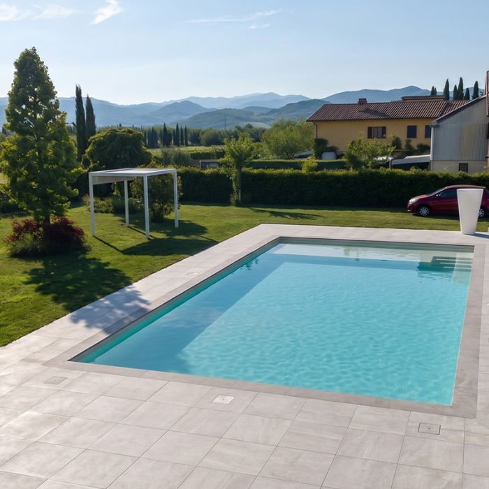 Bordo per piscina Sarzano in gres di eccellenza Made in Italy, proposto nella variante Standard con taglio netto a 90°.
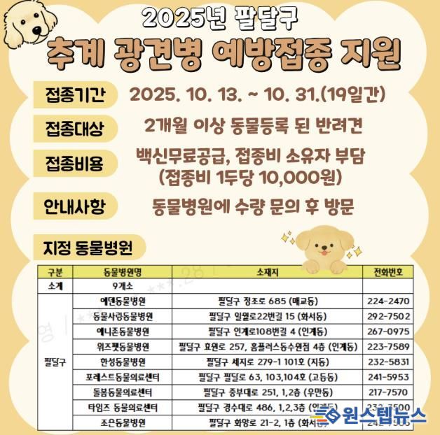 원스텝뉴스 이병희 기자 | 수원시 팔달구는 반려동물을 안전하게 보호하기 위해 10월 13일부터 10월 31일까지 광견병 백신을 무료 지원한다고 밝혔다.
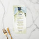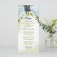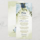 Belo cartão de cardápio de casamento com marinhos e flores azuis empoeiradas e folhas verdes Os detalhes da relva de ouro são simulados. PARA MAIS PRODUTOS CORRESPONDENTES, clique na coleção acima ou entre em contato comigo
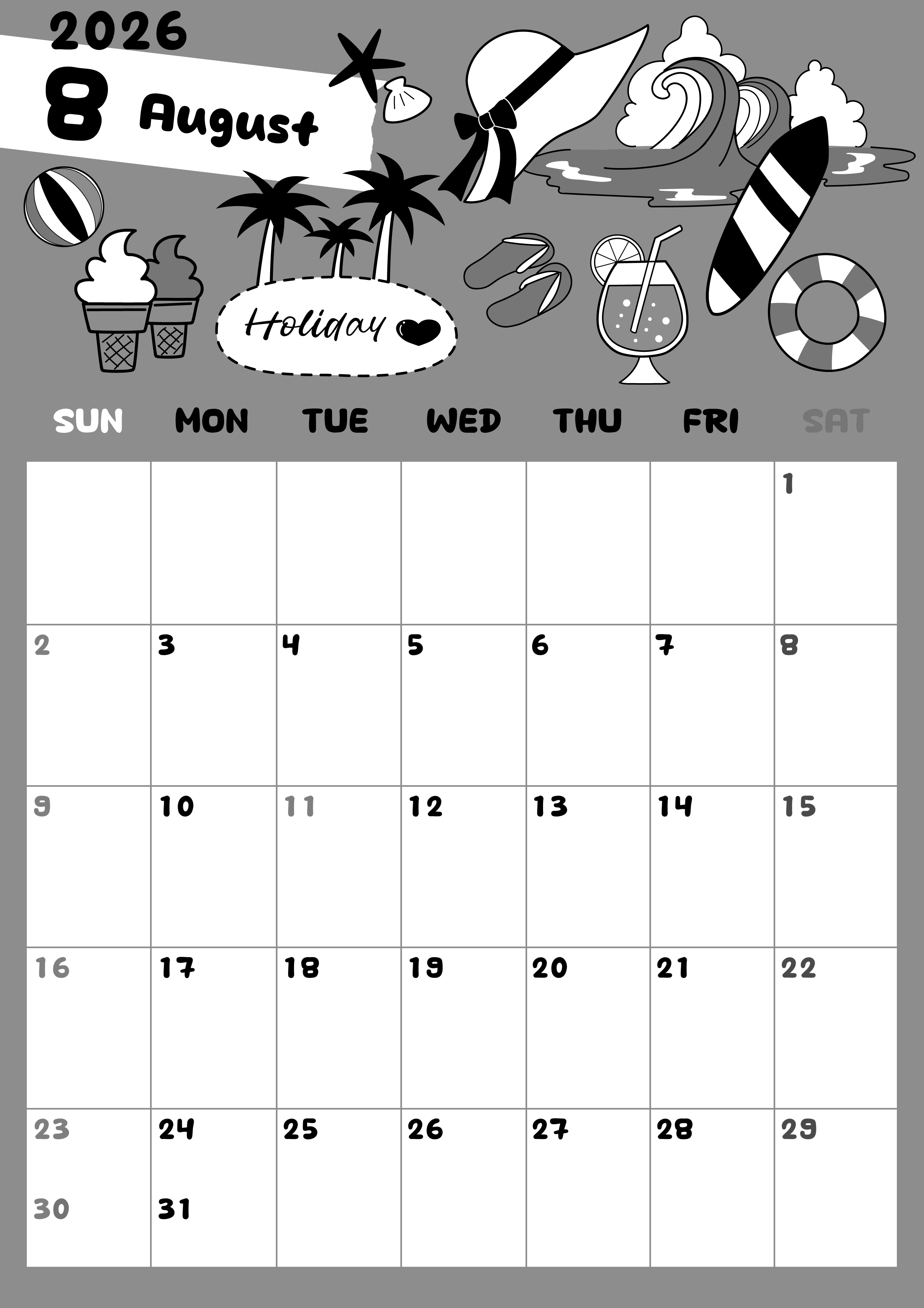 2026年・無料のカレンダーテンプレート 2026年8月縦型モノクロの日曜始まり 海岸イラストのかわいいA4無料白黒カレンダー(2026-00380810) 素材状デザイン王 2025年4月1日 2026年8月縦型モノクロの日曜始まりの無料テンプレート白黒カレンダーです。夏休みの海岸のバケーション感を表現したイラストがポップでかわいい白黒カレンダーです。元気が出そうです。(2026-00380810) 8月 縦型のカレンダー 日曜始まり 白黒 カレンダーデザイン-0038
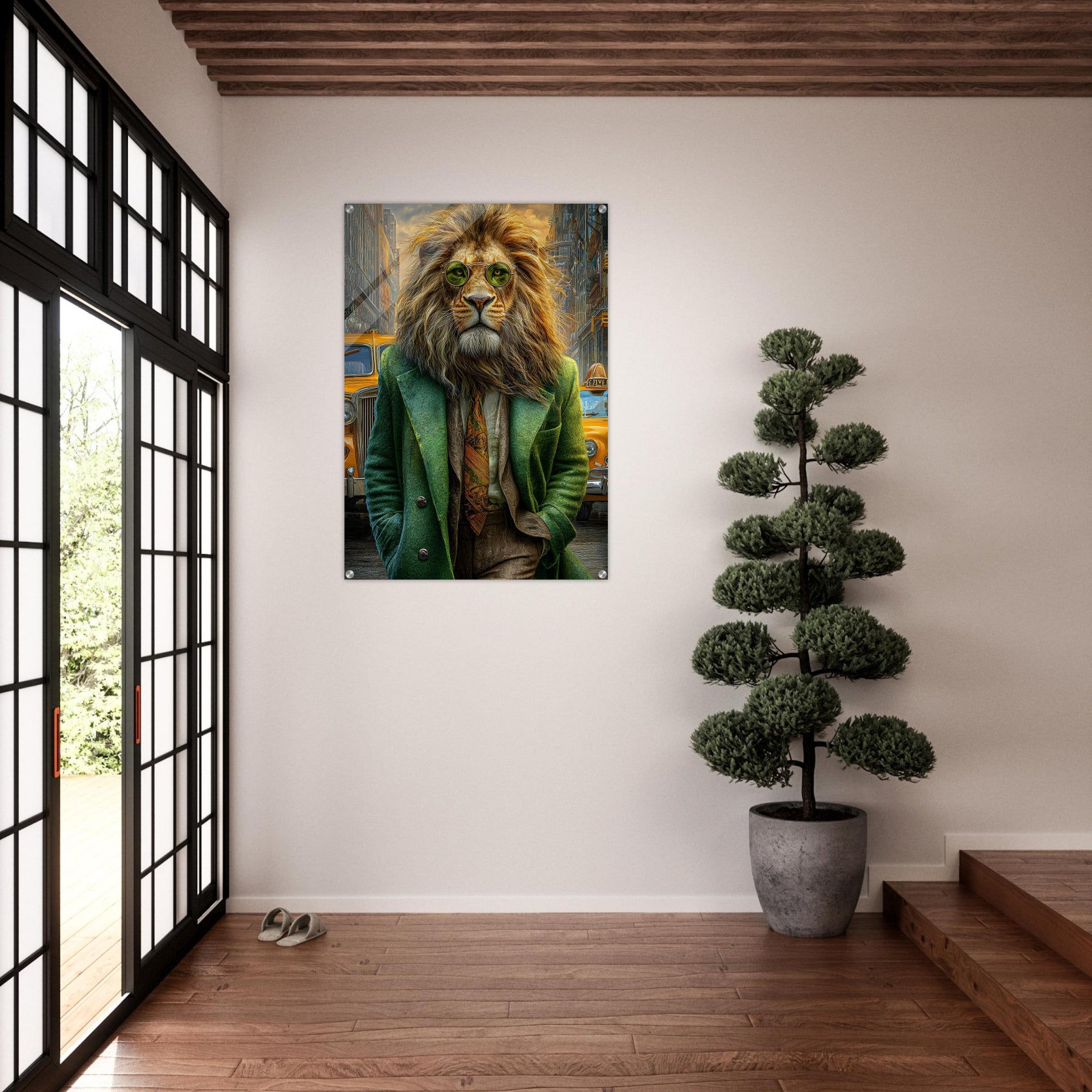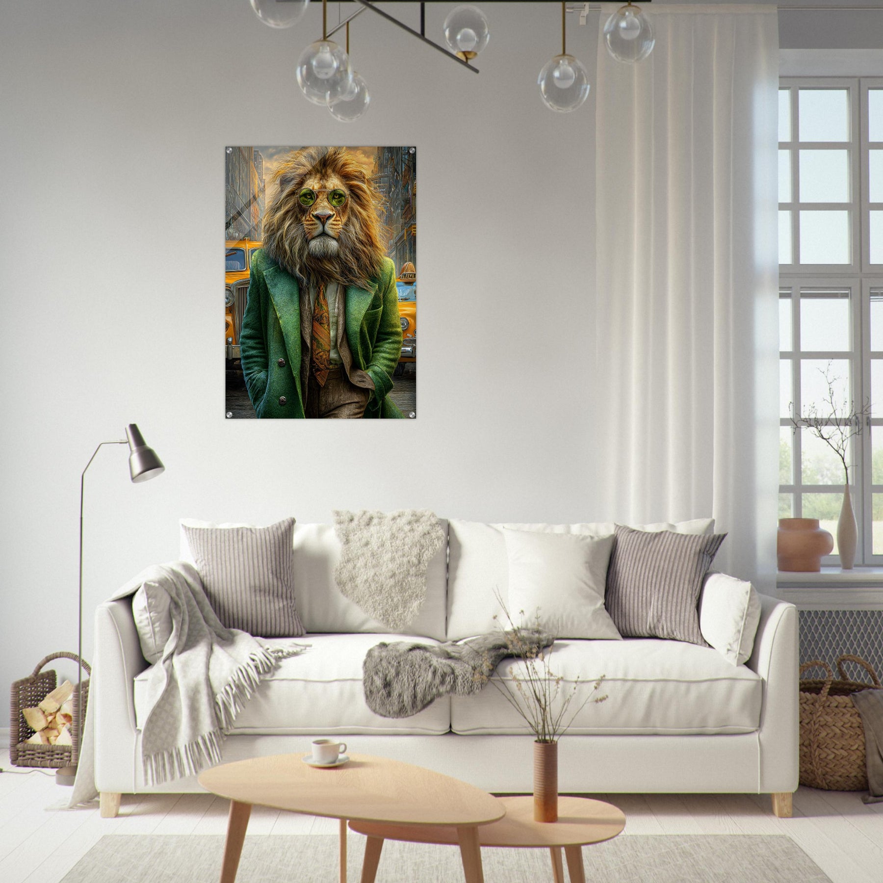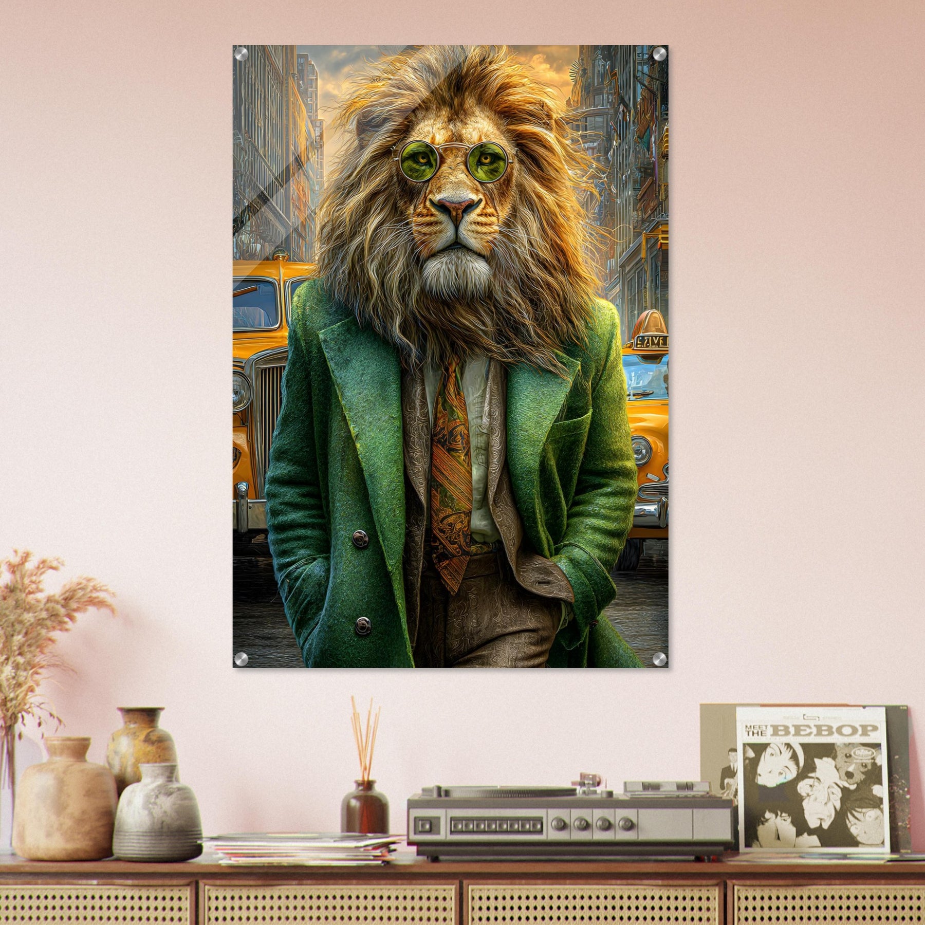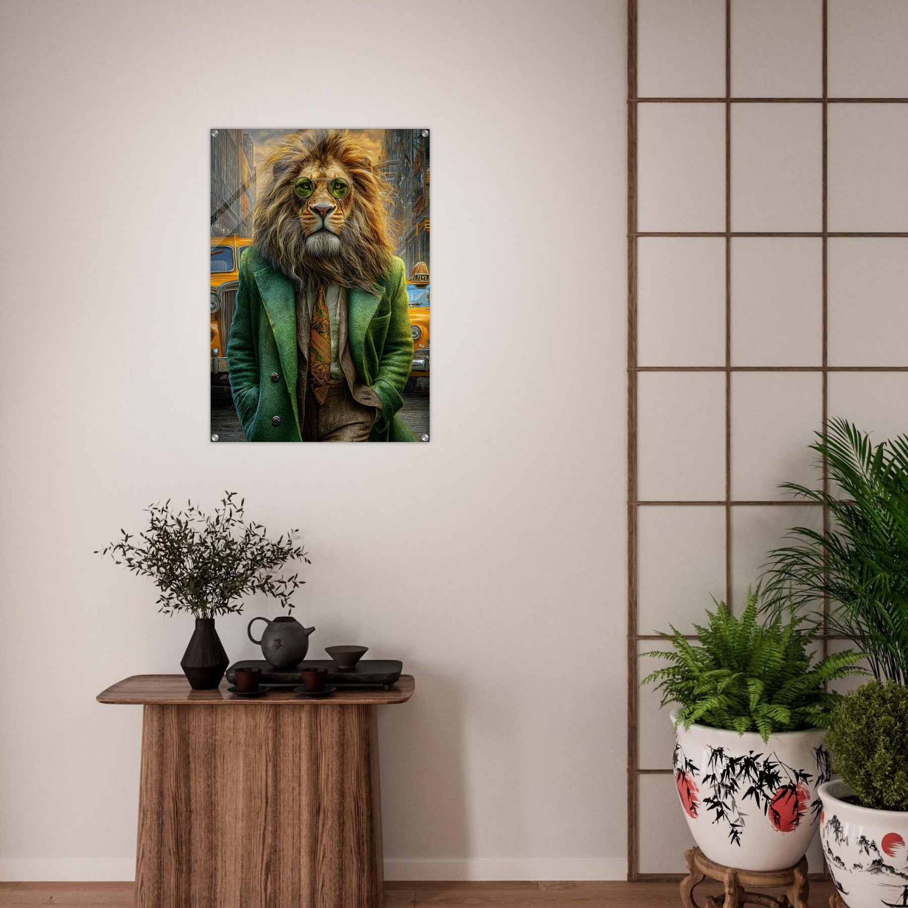 Transform your space with Urban Lion Swagger, a bold and imaginative acrylic wall art piece that blends wildlife majesty with sleek modern design. Featuring a vibrant lion strolling through a bustling cityscape in a stylish green suit and sunglasses, this artwork delivers a stunning mix of high-gloss elegance and wild personality.
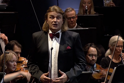 Mit seiner bekannten, leichten Tenorstimme interpretiert er die romantischen Lieder. Leider ist die Stimme und der Ausdruck doch sehr eindimensional, es fehlen die Farben, die Facetten und die Nuancierungen im Ausdruck. Auch die Körperspannung, sein Gestus und seine Mimik lassen den emotionalen Ausdruck vermissen. So singt er die Lieder zwar technisch sauber und schön, aber sie berühren nicht, und das ist vor allem bei den folgenden Liedern

[What you have to do]:
Leave out the pictures and repeat the lines from the start of the material through the line with "Belo cartão de", inclusive.

[Exercise response]:
 Bordo per piscina Sarzano in gres di eccellenza Made in Italy, proposto nella variante Standard con taglio netto a 90°.
 원스텝뉴스 이병희 기자 | 수원시 팔달구는 반려동물을 안전하게 보호하기 위해 10월 13일부터 10월 31일까지 광견병 백신을 무료 지원한다고 밝혔다.
 Belo cartão de cardápio de casamento com marinhos e flores azuis empoeiradas e folhas verdes Os detalhes da relva de ouro são simulados. PARA MAIS PRODUTOS CORRESPONDENTES, clique na coleção acima ou entre em contato comigo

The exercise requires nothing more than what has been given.